--- Input data ---
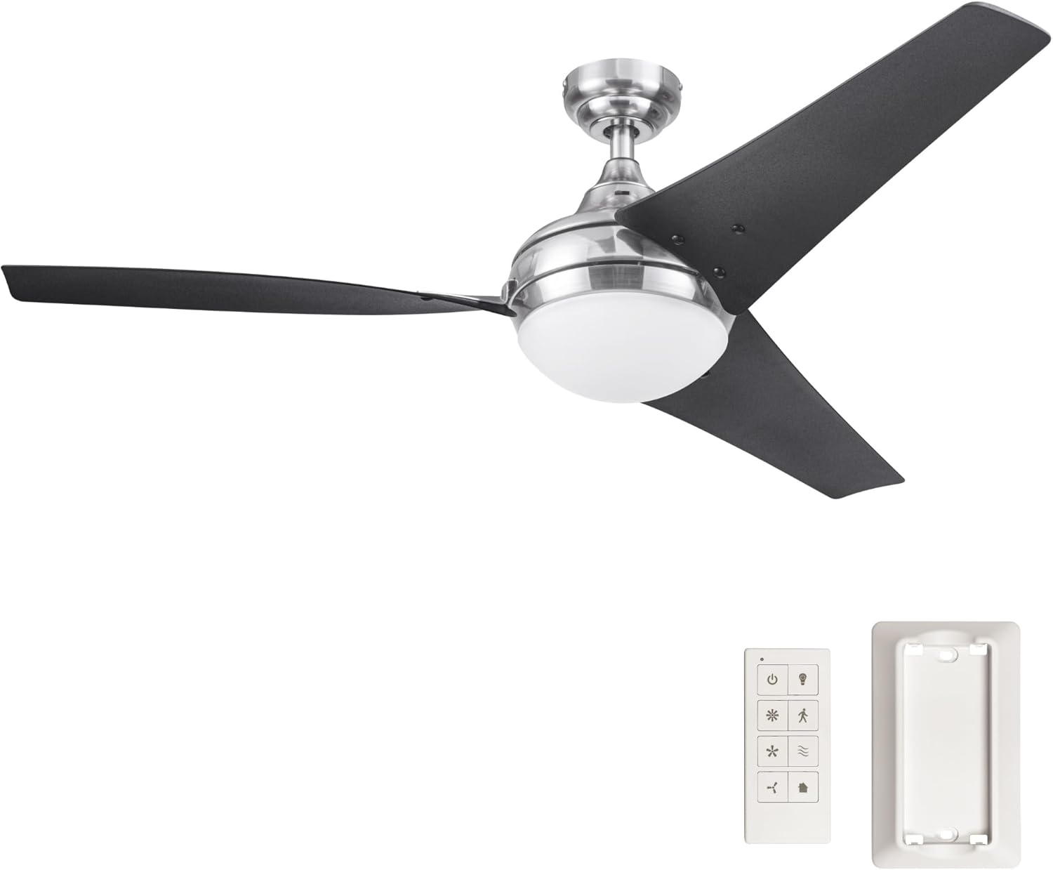 Honeywell ceiling fans make your home comfortable in summer (and winter) as well as help to reduce energy costs. Enjoy the welcome breeze in any room of your home while looking stylish. This modern multi-position indoor ceiling fan combines stylish details with contemporary influences for a truly inspiring fixture for your home. Featuring an LED integrated globe with brushed nickel finish. The innovative 3-blade design provides ultra-efficient, adjustable and energy efficient airflow while the dimmable LED lights provide ideal lighting to fit any mood. Control your Honeywell ceiling fan with a touch of a button with our easy-to-use universal ceiling fan remote control with wall mount option (batteries included). Enjoy year-round comfort by adjusting the reversible airflow switch that easily allows you to change the direction of the fan to properly distribute air. During hot summer months it will provide a cooling effect or when reversed, spreading warm air in the winter to help reduce energy costs. Specifications: Sizing: 52-in 3-blade indoor fan for rooms up to 400 sq. ft. Lighting: 2x A15 / E26 light bulbs included that provide 800 lumens, 8.5 watts, 3000k color temperature. About Honeywell Ceiling Fans Honeywell Ceiling Fans features a collection of fans in various sizes and specifications to ensure your choice of indoor or outdoor fan delivers optimum performance for your room's size. You can trust the quality of Honeywell Ceiling Fans to deliver maximum airflow and a stylish lighting option. Honeywell Ceiling Fans use high-quality materials that are long lasting and durable to deliver a great look and last for years to come.
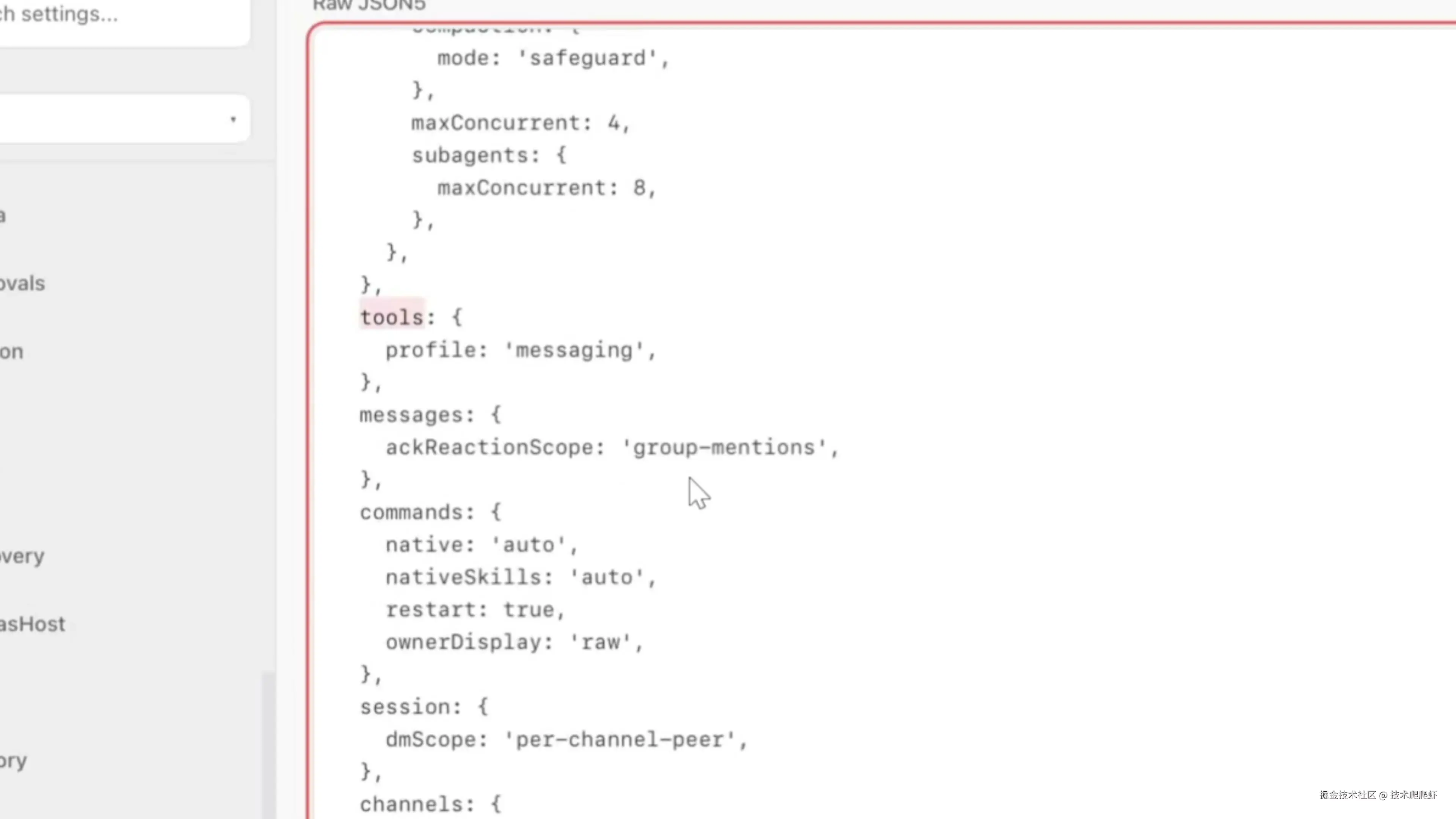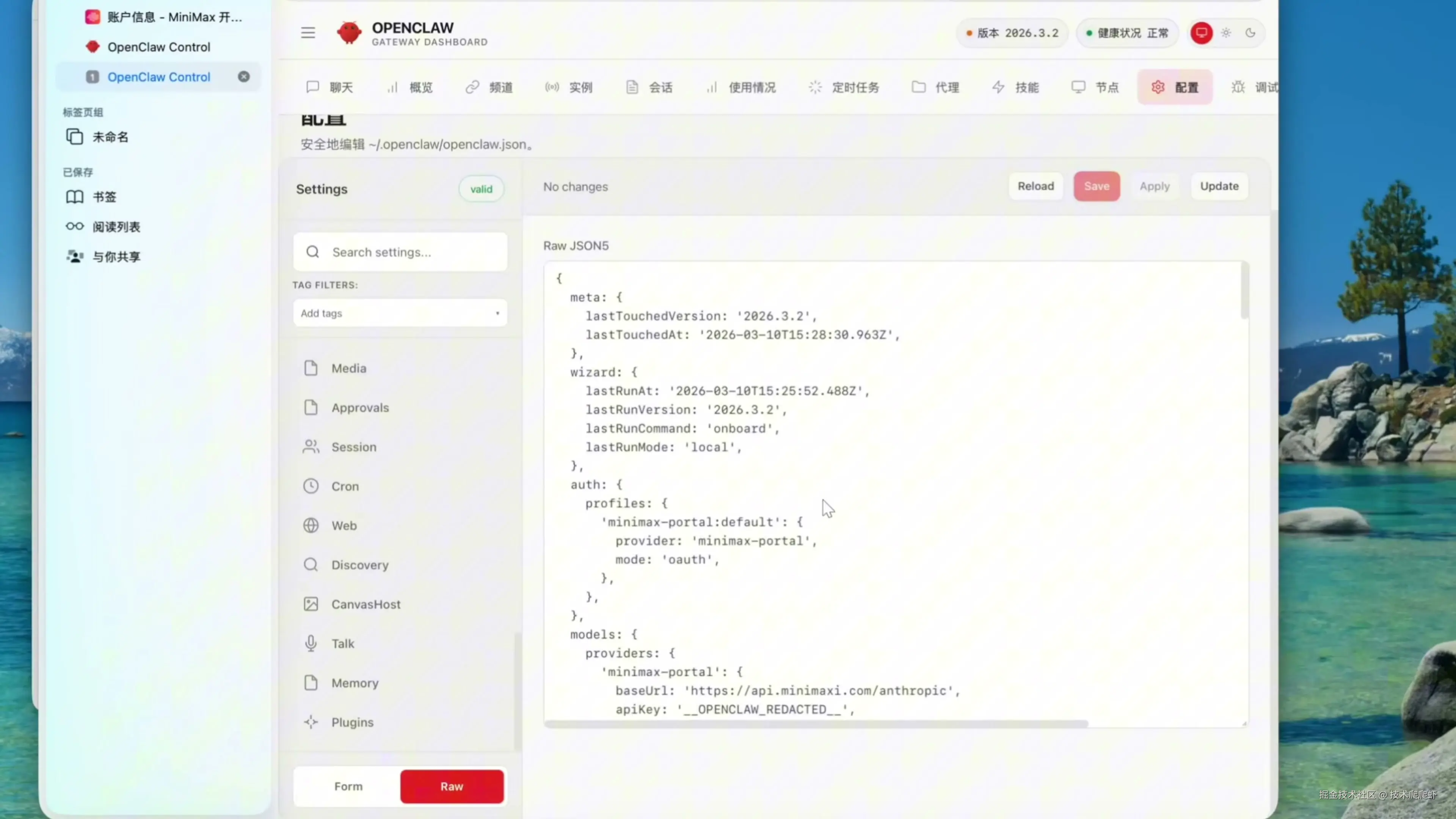 安装完 OpenClaw 以后,要做的第一件事就是来修改一个配置。我们来到 OpenClaw 的控制台,找到设置,开启 Raw 也就是源文件模式。 我们要修改的是
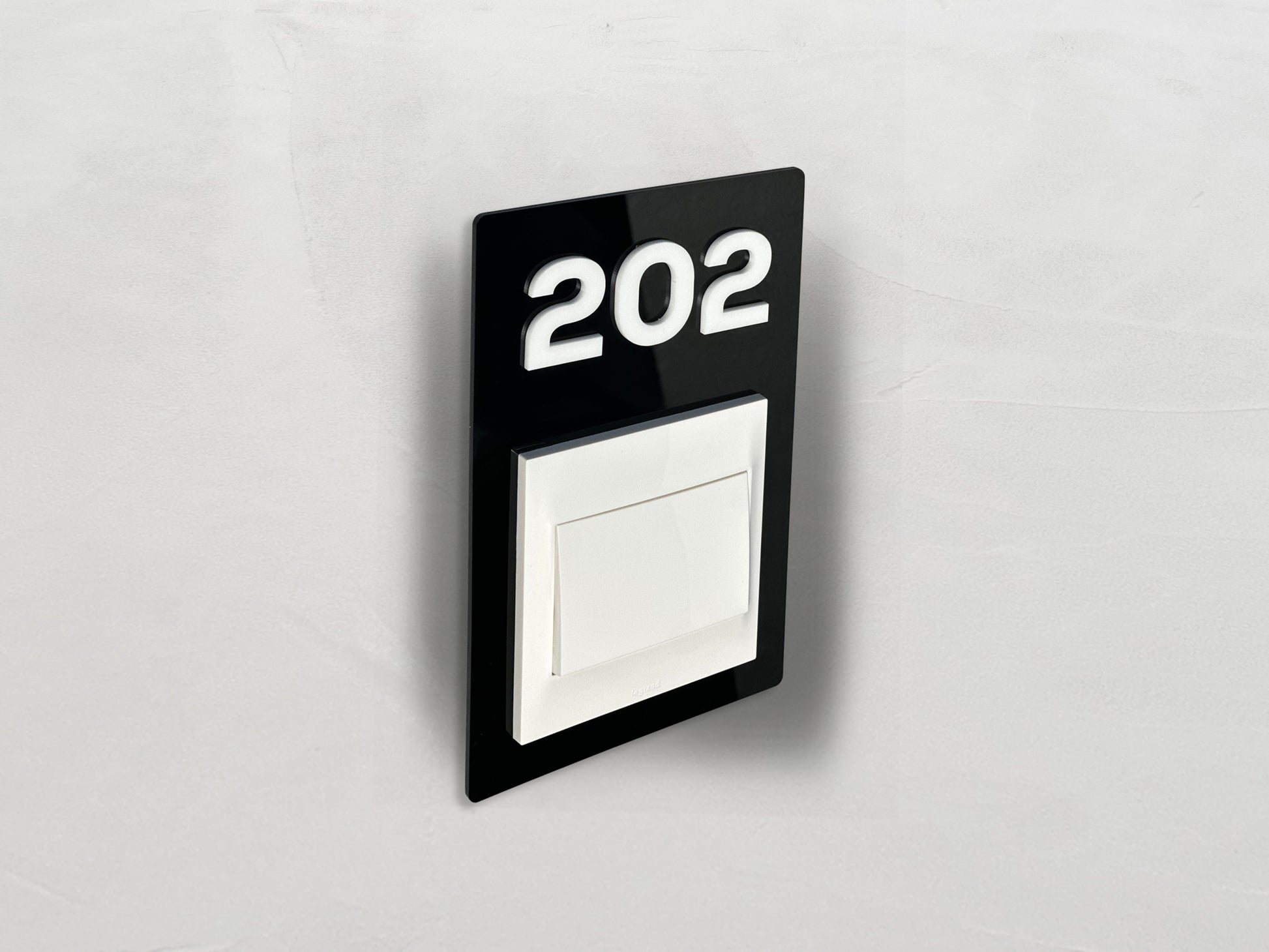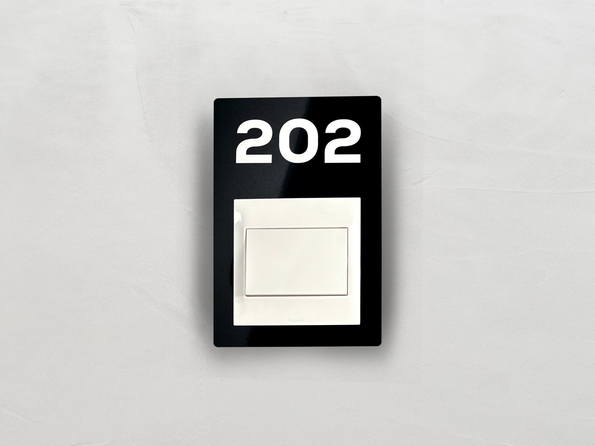 Modern Black/White Switch Frame with Door Number - Personalized Apartment Number Sign - Room Number Signage
---
Task goal> Repeat the data verbatim, excluding all pictures.

Exercise result>
 Honeywell ceiling fans make your home comfortable in summer (and winter) as well as help to reduce energy costs. Enjoy the welcome breeze in any room of your home while looking stylish. This modern multi-position indoor ceiling fan combines stylish details with contemporary influences for a truly inspiring fixture for your home. Featuring an LED integrated globe with brushed nickel finish. The innovative 3-blade design provides ultra-efficient, adjustable and energy efficient airflow while the dimmable LED lights provide ideal lighting to fit any mood. Control your Honeywell ceiling fan with a touch of a button with our easy-to-use universal ceiling fan remote control with wall mount option (batteries included). Enjoy year-round comfort by adjusting the reversible airflow switch that easily allows you to change the direction of the fan to properly distribute air. During hot summer months it will provide a cooling effect or when reversed, spreading warm air in the winter to help reduce energy costs. Specifications: Sizing: 52-in 3-blade indoor fan for rooms up to 400 sq. ft. Lighting: 2x A15 / E26 light bulbs included that provide 800 lumens, 8.5 watts, 3000k color temperature. About Honeywell Ceiling Fans Honeywell Ceiling Fans features a collection of fans in various sizes and specifications to ensure your choice of indoor or outdoor fan delivers optimum performance for your room's size. You can trust the quality of Honeywell Ceiling Fans to deliver maximum airflow and a stylish lighting option. Honeywell Ceiling Fans use high-quality materials that are long lasting and durable to deliver a great look and last for years to come.
 安装完 OpenClaw 以后,要做的第一件事就是来修改一个配置。我们来到 OpenClaw 的控制台,找到设置,开启 Raw 也就是源文件模式。 我们要修改的是
 Modern Black/White Switch Frame with Door Number - Personalized Apartment Number Sign - Room Number Signage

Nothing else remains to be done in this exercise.